Okail returned to Egypt in August of last year to run Freedom House’s operations in Egypt and open an office. But since her return she has been harassed, her organization has been investigated and she is not optimistic that the charges against her will simply go away.
The Egyptian government has undertaken a successful public relations campaign to criminalize the work of NGOs in the minds of many Egyptians. The effort included a full-page story in the state-run newspaper in October accusing Freedom House of being a Zionist entity, code here for an Israeli agent.
In the government’s investigative documents, witnesses from the security forces accuse Freedom House and other NGOs that promote democracy of working in “coordination with the CIA.” The documents also say that the United States encouraged Freedom House and others to violate the law and that Freedom House “aims to control Egyptian society.”
Both the U.S. government and Freedom House have denied those allegations.
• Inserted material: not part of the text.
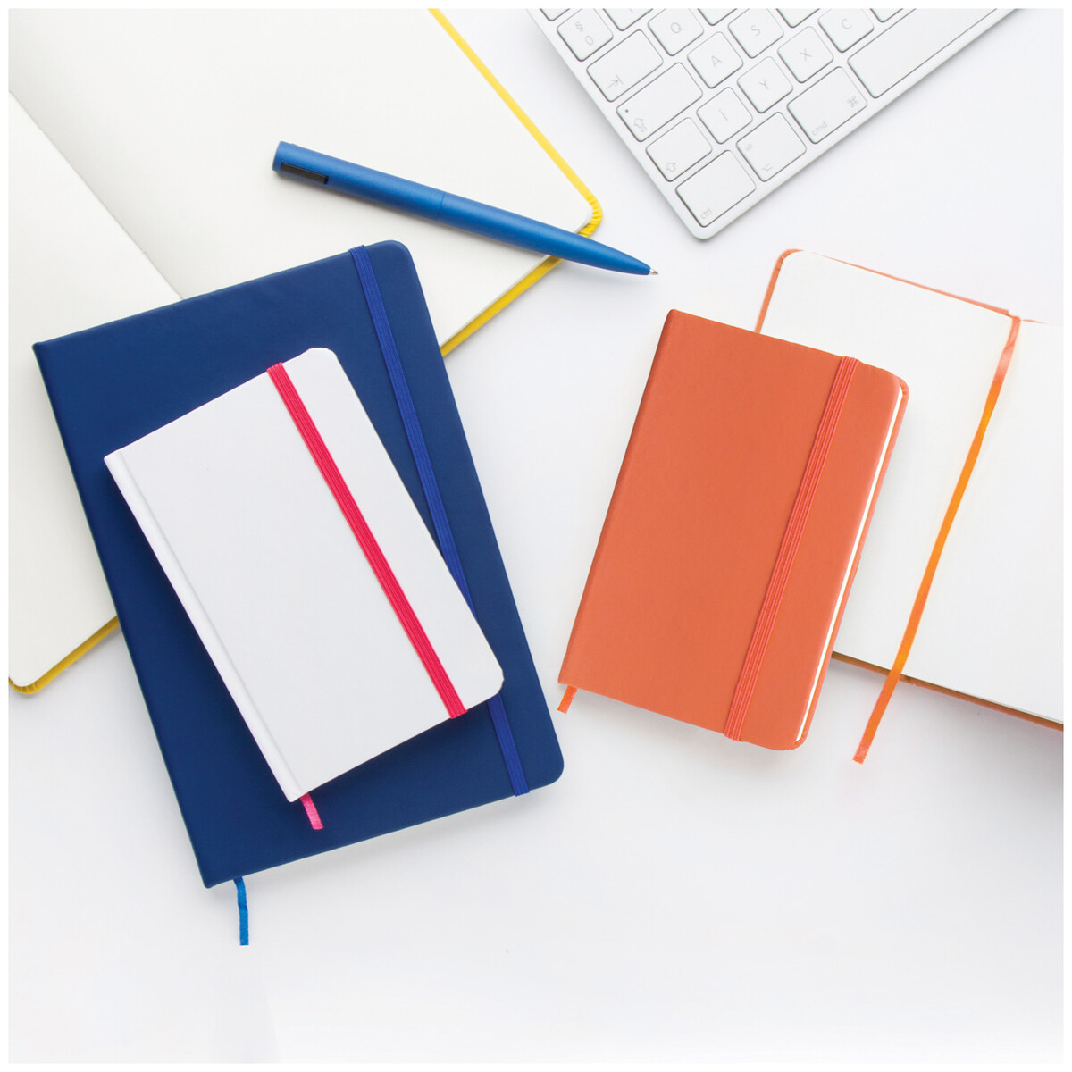 Poznámkový blok se 100 čistými listy, záložkou a gumičkou. Velikost A6.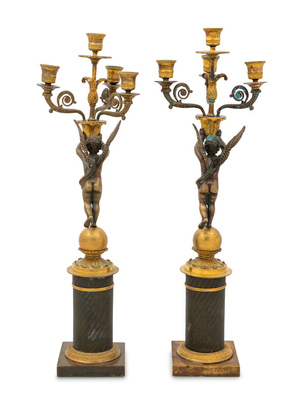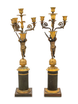 A Pair of Empire Style Gilt and Patinated Bronze Figural Candelabra

Still, they are widely believed.
The NGOs “got foreign funds to pay for thugs to ignite riots and chaos here,” said Manal Salama, a Cairo resident who expressed a view that has become common here. “We have to close them all. The Americans are against us.”
Around the time that the article ran in the state press, Okail said she started receiving harassing phone calls. Sometimes they came at 1 a.m. or 5 a.m. The calls went to her own phone, as well as to her husband’s and to her sister’s. The caller breathed and hummed into the line, but never spoke.
Okail had left a cozy life with her husband and twins in Britain to return to Egypt and work at Freedom House. She said she wasn’t initially concerned when she received a summons from the Ministry of Justice in late November. But when she showed up on Dec. 7, the judge began proceedings against her, and she was interrogated for seven hours. She was later threatened with jail time if she spoke publicly about what had happened.
“In London I was Dr. Okail. Here I am ‘the accused Nancy Okail,’ ” she said.
While Okail had initially stayed quiet about the case against her, she has decided to speak out. With Freedom House’s offices raided and shut on Dec. 29, she has taken to working out of a bookstore in an upscale Cairo neighborhood, sipping coffee as she taps at her iPad.
The case against her, she said, sends the message that “it’s bad to work on human rights or democracy building and if you have an opportunity to go back and help your country, you will be indicted.”
Ironically, Okail once worked for the woman now leading the charge against the foreign NGOs. In 2003, as a young graduate of the American University in Cairo, she worked for the Ministry of International Cooperation, led by Faiza Abou el Naga. Naga, one of the few Mubarak-era holdovers in the new government, has used her perch to push for the prosecutions. She has declined repeated requests to be interviewed.
Okail said that the other young, educated Egyptians who worked with her at the ministry have since left the country. She was the only one to return.
“These are shining stars for Egypt. But will they return now?” she asked.
She said she hopes by staying, and by speaking out, she will signal that blaming outsiders no longer works in Egypt. “It’s only the start of this battle,” she said.